There is no public lighting, and after nightfall the streets are dark, forbidding, and little frequented. Until kerosene began to penetrate the Empire the common source of light was a candle in a paper lantern or cotton wick lighted in an open cup of peanut oil. Owing to the lack of a good illuminant the bulk of the people retire with the fowls and rise with the sun. By making the evening of some account for reading or for family intercourse, kerosene has been a great boon to domestic life.

Fuel is scarce and is sold in neat bundles of kindling size. Down the West River ply innumerable boats corded high with firewood floating down to Canton and Hong Kong. Higher and higher the tree destruction extends, and farther and farther does the axman work his way from the waterways. Chaff and straw, twigs and leaves and litter are burned in the big brick bedsteads that warm the sleepers on winter nights, and under the big, shallow copper vessels set in the low brick or mud stoves. Fuel is economized and household economy simplified among the poor by the custom of relying largely on the food cooked and vended in the street. The portable restaurant is in high favor, for our prejudice against food cooked outside the home is a luxury the common people cannot afford to indulge in.

Proper chimneys are wanting and wherever cooking goes on the walls are black with the smoke that is left to escape as it will. Chinese interiors are apt to be dark for, in the absence of window glass, the only means of letting in light without weather is by pasting paper on lattice. The floors are dirt, brick, or tile, the roof tile or thatch. To the passer-by private ease and luxury are little in evidence. If a man has house and grounds of beauty, a high wall hides them from the gaze of the public. Open lawns and gardens are never seen, and there is no greenery accessible to the public unless it be the grove of an occasional temple.

In the houses of the wealthy, although there is much beauty to be seen, the standard of neatness is not ours. Cobwebs, dust, or incipient dilapidation do not excite the servant or mortify the proprietor. While a mansion may contain priceless porcelains and display embroideries and furniture that would be pronounced beautiful the world over, in general, the interiors wrought by the Chinese artisan do not compare in finish with those of his Western confrere....
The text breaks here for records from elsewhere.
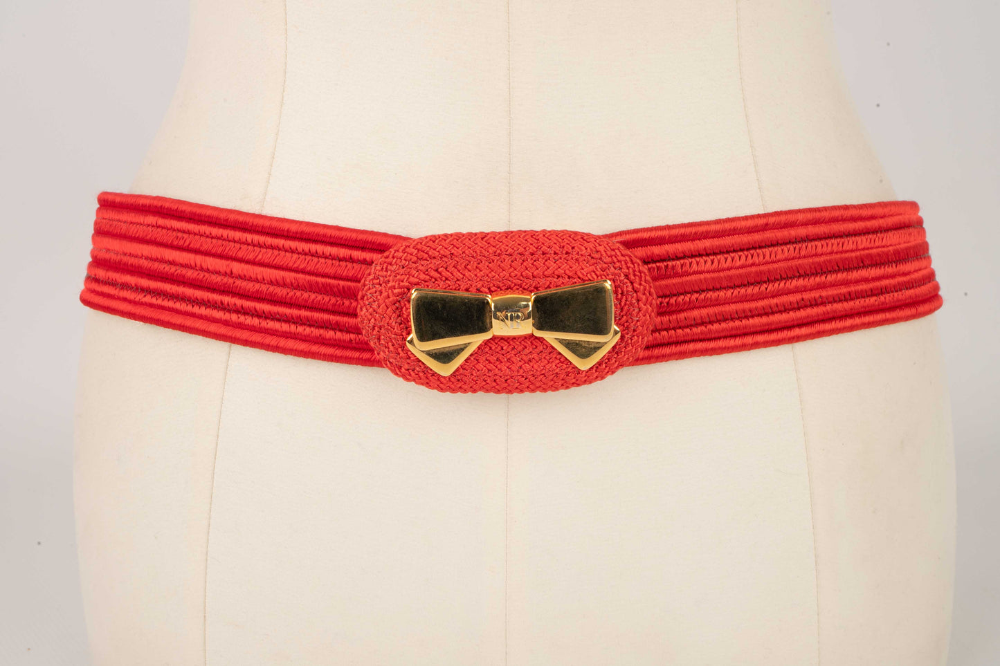 NINA RICCI -(Made in France) Ceinture en passementerie rouge et métal doré.
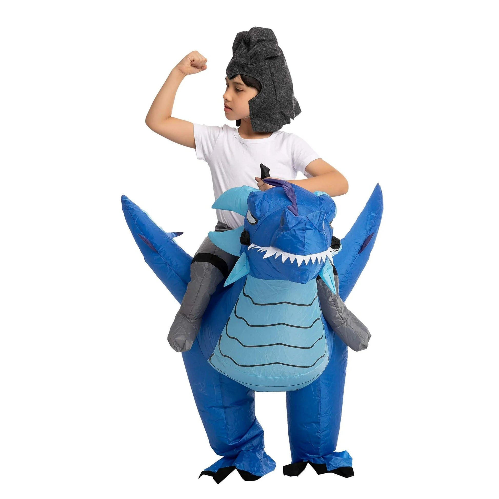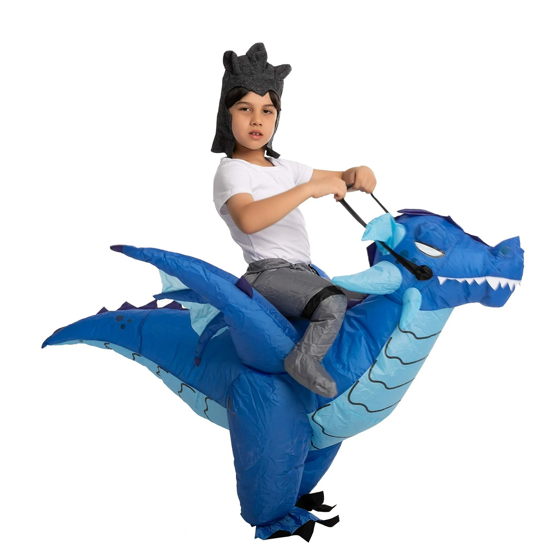 Syncfun Inflatable Costume for Kids, Ride An Ice Dragon Halloween Costume with Hat, Cool Ride On Blow Up Dragon Costume for Party Dress Up
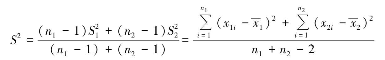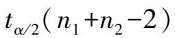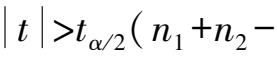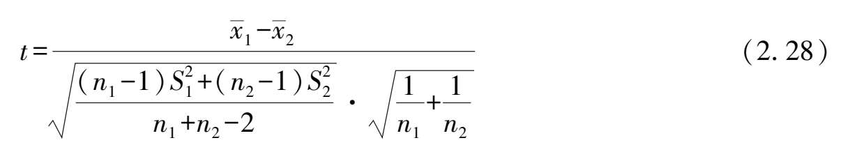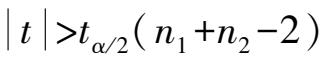 若原假设 H 0 成立,可以证明,统计量 t 服从自由度为 n 1 + n 2 -2 的 t 分布,因此给定置性度 α 下进行 t 检验。
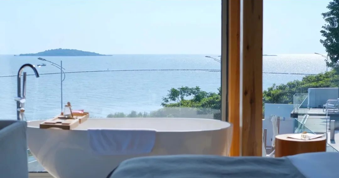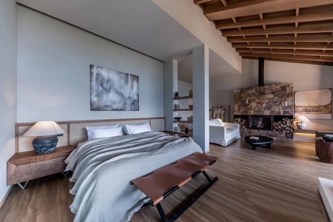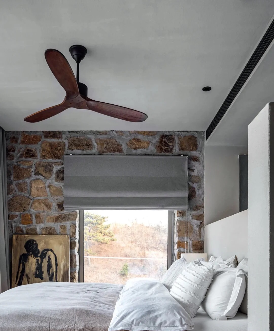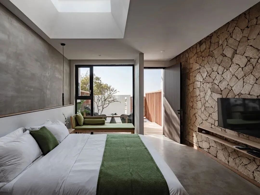 整个房子的设计既现代又乡村,所有家具都是设计师定制款,软装又有棉麻、粗陶、黑铁的厚重质朴,坐在藤椅上感受时光被凝固了,如果累了就躺在房间里,窗景很治愈,像陷进山海间,度假简直堪比梦境。
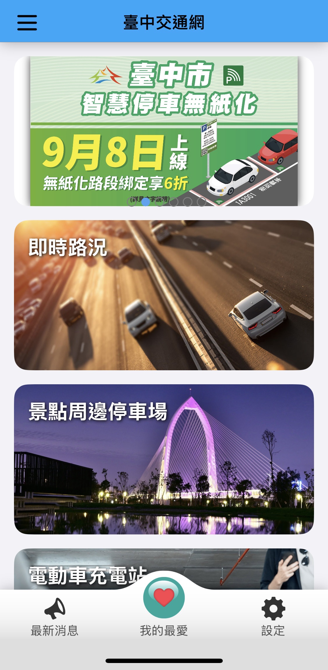 交通局呼籲市民朋友,因應教師節、中秋節與雙十國慶假期,用路人可提前查詢路況與替代道路資訊,並歡迎民眾下載「台中交通網」APP (https://reurl.cc/43QEMV),一機在手,路況、停車、公車及充電資訊一應俱全,是您假期旅遊、返鄉與購物的最佳出行夥伴。
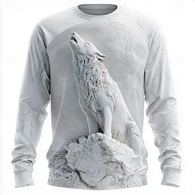 Męskie Wzór 3D Wilk Podkoszulek Długi rękaw Podkoszulek Druk 3D Półgolf Koszula Moda Przesadny 3D Codzienny Ulica Czarny Khaki Szary Lato Wiosna Jesień Odzież S M L XL XXL XXXL
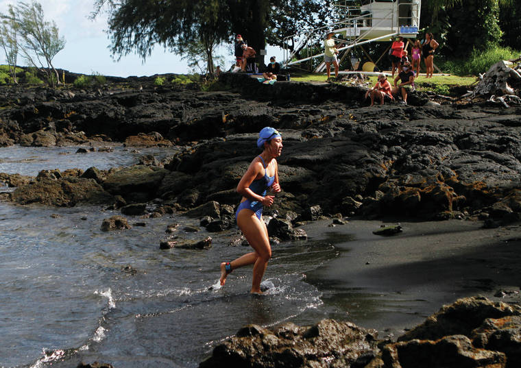 Chow, a 2021 Kamehameha graduate, finished in 23 minutes, 2 seconds, behind Noelani Vargas, who won her fifth women’s title – and first overall – in 21:49 at the one-mile open ocean swim.
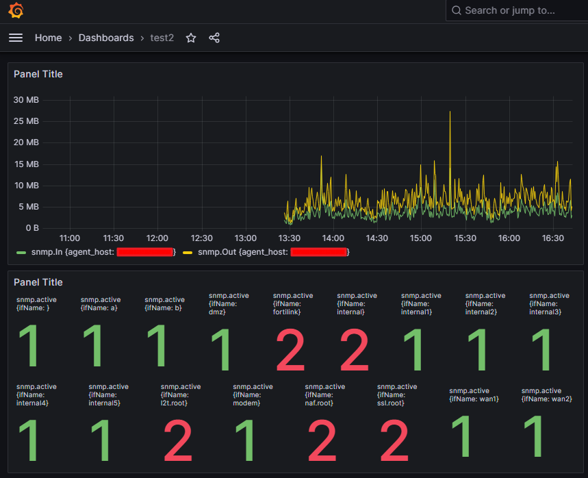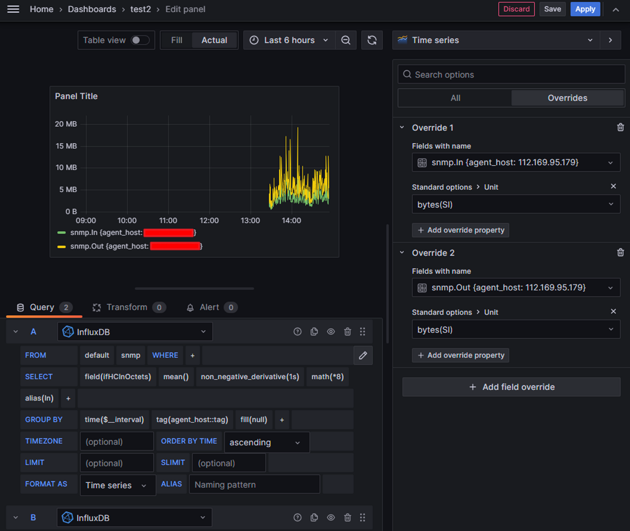 SELECT non_negative_derivative(mean("ifHCInOctets"), 1s) *8 AS "In" FROM "snmp" WHERE $timeFilter GROUP BY time($__interval), "agent_host"::tag fill(null)
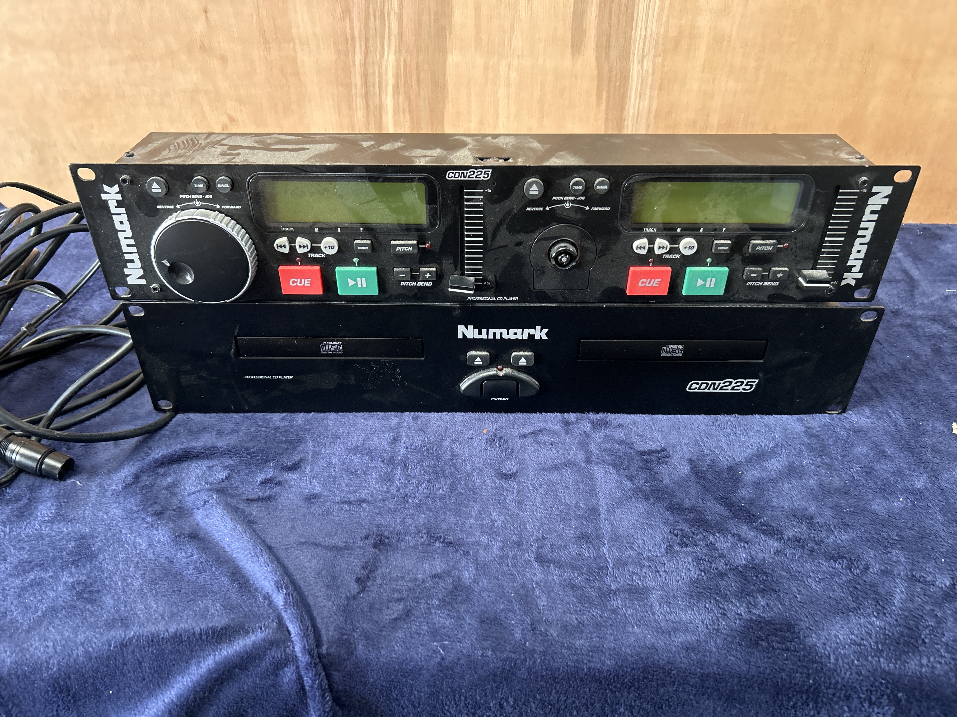 A professional dual CD player system manufactured by Numark, model CDN225. The lot comprises two separate rack-mountable components finished in black. The first unit is a control interface featuring dual backlit LCD displays, independent pitch control sliders, and various playback buttons including large red CUE and green play/pause controls. The second unit is a dual-tray CD transport mechanism. Both units are clearly marked with the Numark brand and CDN225 model designation and include integral rack ears for installation in standard equipment racks. The system is accompanied by associated power and interface cabling.
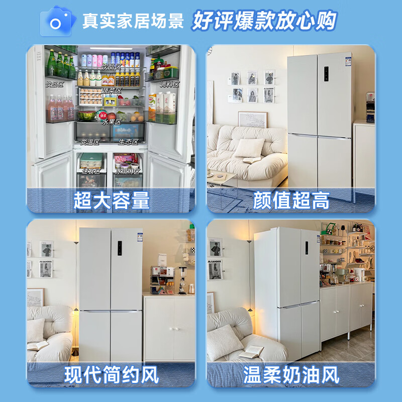 2、冰箱大气,好看,超静音,省电。制冷效果:特别好制冷,家用超实惠
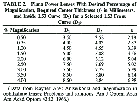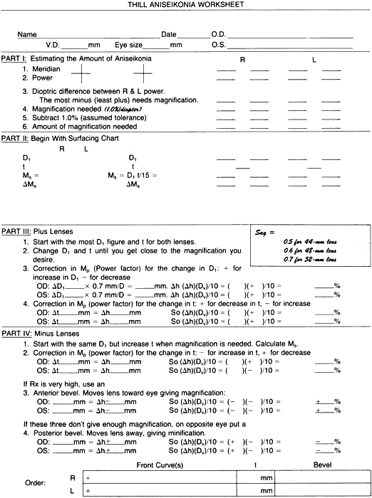 (This is a minification, since it represents a decrease in vertex distance.) The magnification from Ms with this change in D1 is then 3.6% - 0.6% = 3.0%. The right lens is 4.2% and the left lens is now 3%, and the difference is 1.2%, which is very close to the 1% needed. There is no need to change t, center thickness. This is a practical endpoint. Discussion To decide which curve to use on the left lens for the front surface, I first consulted the surfacing chart to see what curves are available that are less than the 11.00-D curve on the right lens. I found these three possible curves: 10.25, 9.50, and 8.75 D. The 10.25 D gives shape magnification of 10.25 × 5.7/15 = 3.9%, which did not seem to be enoughof a change, whereas the 8.75-D curve was 8.75 × 5.7/15 = 3.3%. At first this seemed to be the curve of choice, but when the power factor was calculated, the difference, (11.00 - 8.75) = 2.25 D, gave a1.6-mm vertex distance change (2.25 × 0.7), and this vertex distance change gives minification of 1.0%: (1.6)(+ 6.00)/10 = -1%. This 1% loss of magnification when added to the 3.3% would have resulted in 2.3% for the left lens, and this when subtracted from 4.2% of the right lens would become 1.9% magnification on the right eye, which is 0.9% too much magnification. Recalculating, using the 9.5-D figure gave the correct answer. Other possibilities include the following:
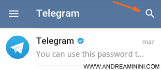 Si entra su Telegram con il proprio account personale, poi si preme sull'icona della lente di ingrandimento in alto a destra.
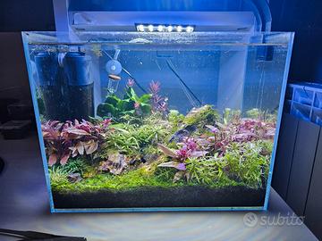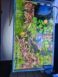 Vendo acquario di dimensioni 40x25x30 circa, ottimo, per esempio, per un pesce combattente(betta). È provvisto di filtro, impianto di erogazione CO2(con bombola carica circa al 50%) e 2 lampade Al momento è completamente piantumato e abitato da neocaridine(di colore verde, giallo, qualcuna blu scuro e molte colore naturale) È possibile rimuovere tutta la parte estetica/piante ma NON è possibile rimuovere le neocaridine. Inoltre è possibile acquistare singolarmente la vasca. NON vendo impianto co2 singolarmente
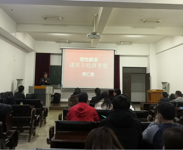 12月27日,由金融学院和科学技术处共同主办的“金融系列学术报告”在博远楼103会议室举行。本次报告主讲嘉宾为中国社科院《经济学动态》编辑部副主任李仁贵研究员,报告题目为“理性解读诺贝尔经济学奖”。学院熊德平院长、魏宇教授、周伟副院长、李江城副院长,以及部分青年教师、博士和硕士研究生参加了本次报告,报告由熊德平主持。
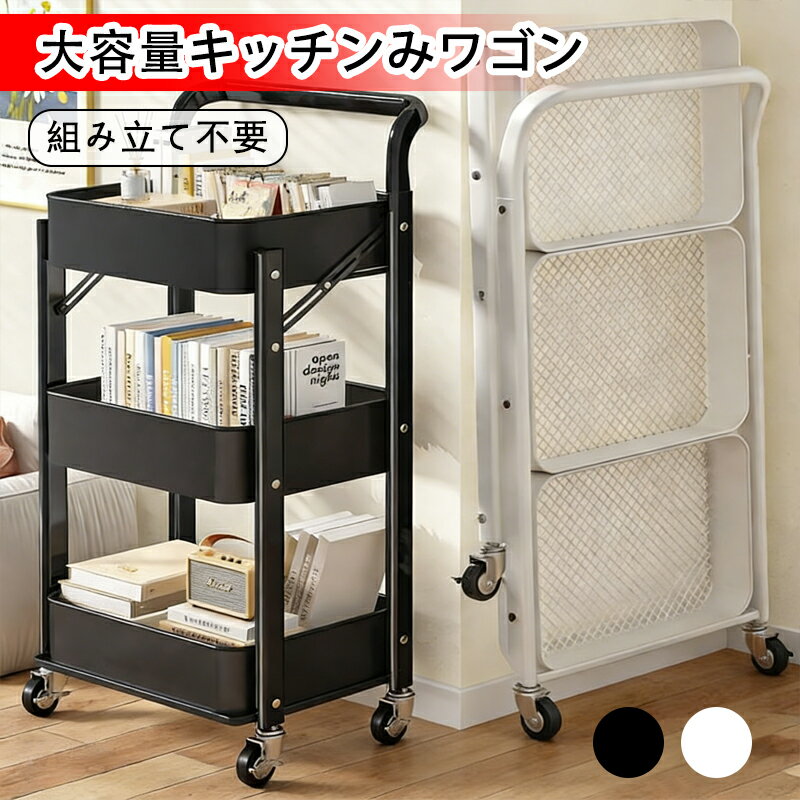 【★0の日★全品10%OFF+P5】【組立不要・折りたたみ式】キッチンワゴン 3段 収納ラック オール金属構造 キャスター付き 防錆 キッチン収納 隙間収納 リビング 浴室 ベッドルーム 調味料棚 スチールラック 収納カート
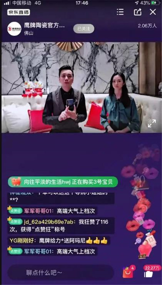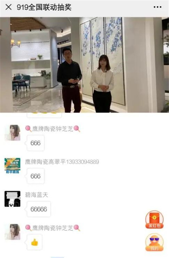 46年的鹰牌陶瓷,始终坚持创新、敢为人先的精神。疫情下2020年,鹰牌积极在线上链接消费者,先后开展线上直播、微信爆破、线上团购等活动,让消费者足不出户就能享受到超便捷的购砖、设计、配送的服务,享受到鹰牌的匠心品质。
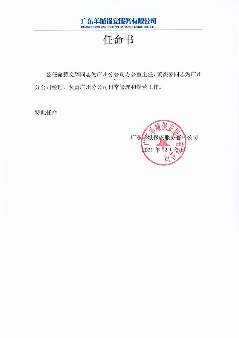 米兰站·网站-米兰MiLan(中国)关于黄杰豪与赖文辉的任命书正式通知
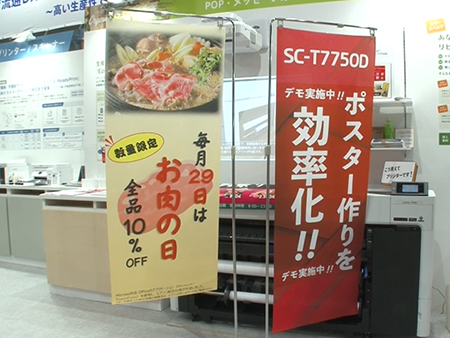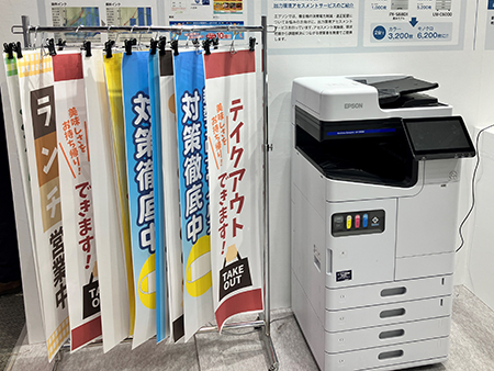 エプソンブースではカラーラベルプリンター、POPやポスター印刷におススメの大判カラープリンター、バックヤードでご利用いただけるビジネスインクジェットプリンターのラインアップを展示しました。
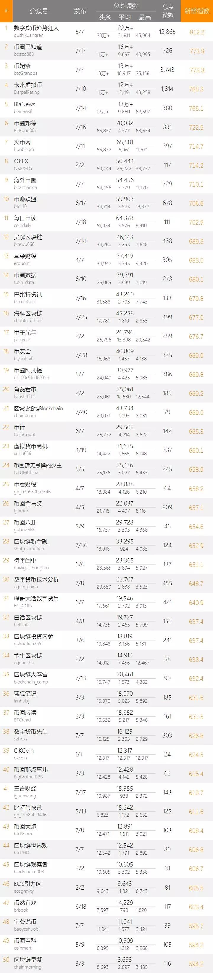 区块链相关自媒体50强(2018.2.12~18)
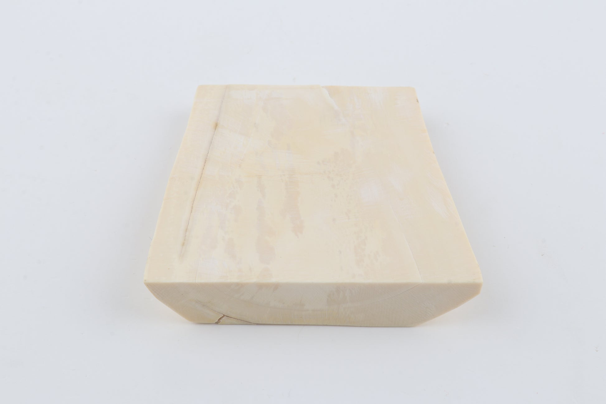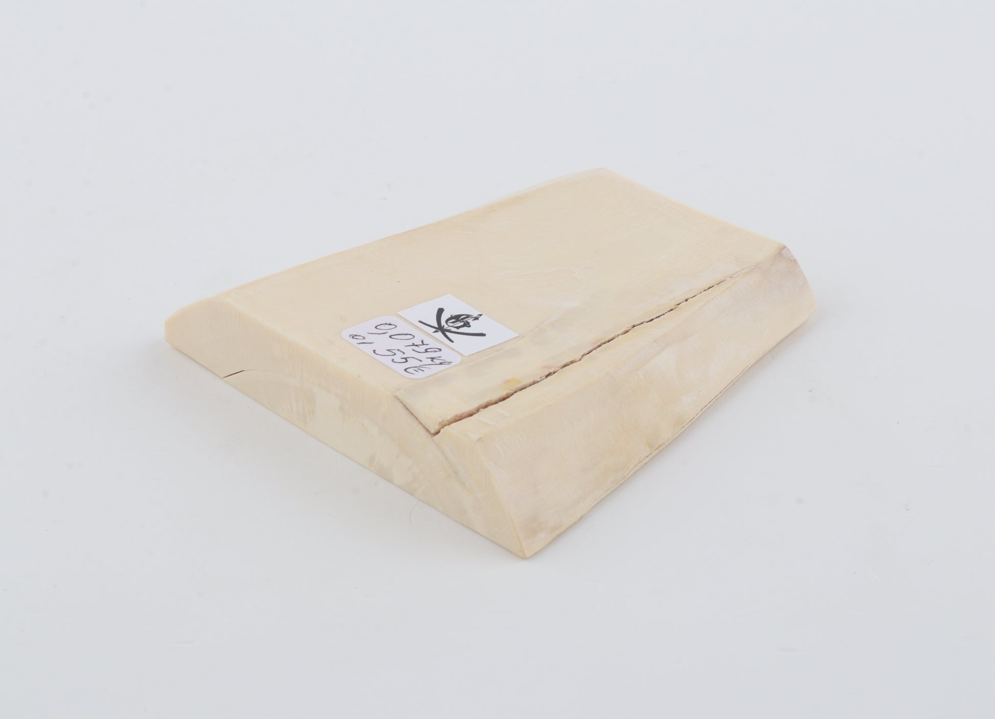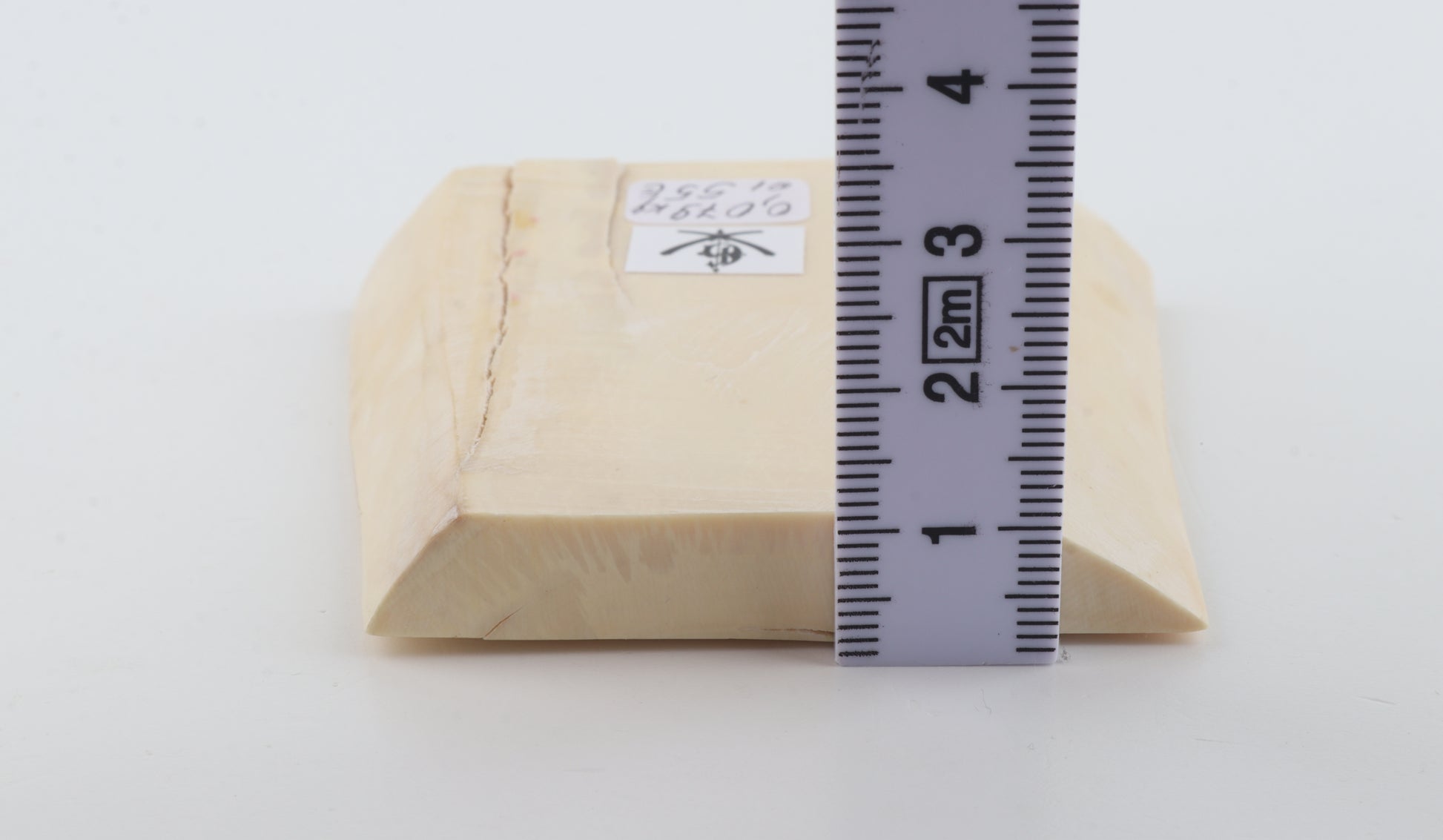 This is a top-quality piece of Siberian woolly mammoth ivory (Mammuthus primigenius). The ivory is rock-solid and completely dry. There are some small cracks. One cross-cut section is thicker and wider than the other. Reserves on both ends. Please carefully check the pictures for precise dimensions. The colour of the ivory is white.
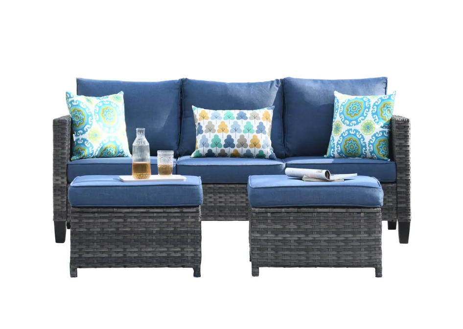 Open Box, The color is grey/navy blue, The color of this bundle is actually grey rattan with navy blue cushions NOT red. The throw pillows are a blue floral as well. See photos of true colors. ONLY Loveseat / 2 ottomans

No memory of China is more haunting than that of the everlasting blue cotton garments. The common people wear coarse, deep-blue "nankeen." The gala dress is a cotton gown of a delicate bird's-egg blue or a silk jacket of rich hue. In cold weather the poor wear quilted cotton, while the well-to-do keep themselves warm with fur-lined garments of silk. A general adoption of Western dress would bring on an economic crisis, for the Chinese are not ready to rear sheep on a great scale and it will be long before they can supply themselves with wool. The Chinese jacket is fortunate in opening at the side instead of at the front. When the winter winds of Peking gnaw at you with Siberian teeth, you realize how stupid is our Western way of cutting a notch in front right down through overcoat, coat and vest, apparently in order that the cold may do its worst to the tender throat and chest. On seeing the sensible Chinaman bring his coat squarely across his front and fasten it on his shoulder, you feel like an exposed totem-worshipper.

Wherever stone is to be had, along or spanning the main roads are to be seen the memorial arches known as pailows erected by imperial permission to commemorate some deed or life of extraordinary merit. It is significant that when they proclaim achievement, it is that of the scholar, not of the warrior. They enclose a central gateway, flanked by two, and sometimes by four, smaller gateways, and conform closely to a few standard types, all of real beauty. As a well-built pailow lasts for centuries, and as the erection of such a memorial is one of the first forms of outlay that occur to a philanthropic Chinaman, they accumulate, and sometimes the road near cities is lined with those structures until one wearies of so much repetition of the same thing, however beautiful.